Nov 182013
 

Alexander Ochs, Worldwatch Institute

Published in Outreach, 18 November 2013

Over the past twenty years, climate negotiations have been dominated by concerns that addressing global warming is anti-business and onerous to future development.  The insufficient progress we have made at the last 18 COPs towards ‘preventing dangerous human interference with the climate system,’ the ultimate goal of the UN Climate Convention, is a consequence of this – and the summit currently underway in Warsaw is not exactly on course to make a change. Working in many places around the world, from Haiti to India to Europe and the United States, I have witnessed little success in convincing people of the importance of sacrifice for the global commons.  This approach has proven ineffective.

I wrote in this publication a couple of years ago that ‘new energy for the negotiations’ was needed. The article’s title, of course, was a play on words: More than anything else we need to quickly transition to new energy systems built on efficient consumption and renewable resources, as well as decentralised and smart transmission solutions, in order to decarbonise our societies and help them to adapt to climate change. But we also need new, renewable and sustainable energy for the negotiations.  Discussing climate mitigation as what can be won, rather than what must be given up, and a strategy that at its core builds on the experiences that already have been made in many places around the world on the way to building low-emissions economies might not just inspire scale-up and replication of on-the-ground action but also revitalise international partnership and ambition.

Aristotle suggested that every human action has a goal (‘telos’), and that the ultimate goal of all human actions is our pursuit of happiness. Constructing sustainability as a cause for the constraint of human action certainly does not evoke the idea of a yardstick for achieving happiness, nor, most likely, unity among actors. On all levels of organisation, from individuals reflecting on their lifestyles to municipalities occupied with urban planning to provinces and federal governments facing vested interests in the unconstrained burning of fossil fuels – I am convinced that we will be able to change course faster and more consistently if we are aware of what can be won: a more peaceful world, sustained economies with better jobs, greener and safer cities, and happier and healthier lives in intact environments.

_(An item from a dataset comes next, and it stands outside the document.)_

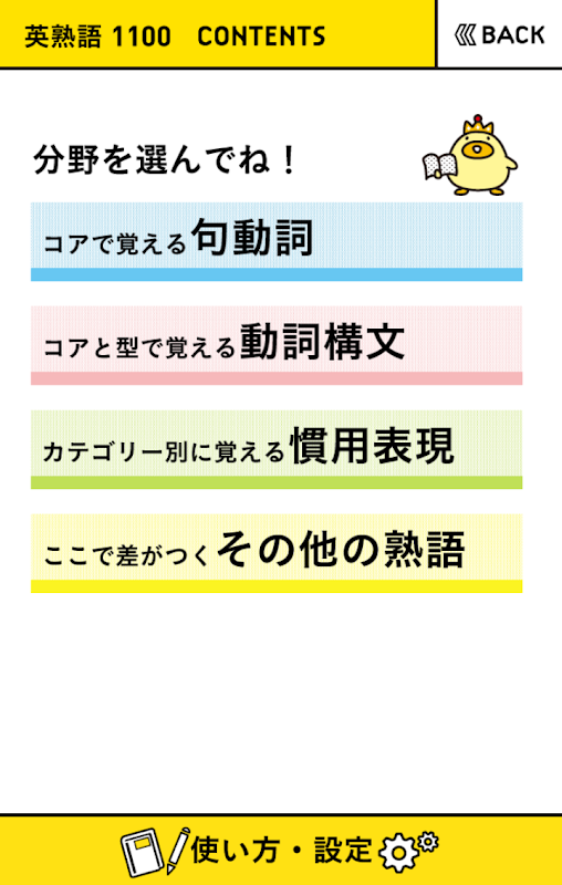 全国の大学入試データや各種英語資格試験を徹底分析した『大学入試ランク順 入試英熟語1100』の中から抜粋してクイズを作成。本と同じように,「句動詞」「動詞構文」「慣用表現」「その他の熟語」の分野ごとに分かれているので,目的に合わせて学習を進められます。

The recent pictures from the devastation that Typhoon Haiyan left behind gives us a sense of what more frequent and extreme weather events have in store for us. Without doubt, there are very real limits to our behaviour that we must consider; and science tells us with increasing confidence where these thresholds of our joint actions need to be, suggesting a maximum global temperature increase and corresponding atmospheric greenhouse gas concentrations.  In order to reach the level of ambition necessary to stay within our limits, however, we can now build on the remarkable successes that have been achieved in decarbonising human actions in many places worldwide. And what we will find by analysing the frontrunners of low-emissions development is that they are not worse but better off than those that are trailing behind – economically, socially and, needless to mention, environmentally.

Starting from these climate and development success stories, we have to identify real and actionable goals. We might find that we can be much more ambitious than we thought, and that reaching the necessary greenhouse gas reduction targets might be easier than commonly portrayed. Our transition to sustainable societies will be good for us, our cities, our countries, and Earth. Our climate and development discourses have started from different conceptualisations for too long. To successfully address these existential areas of decision-making, the answers will be the same.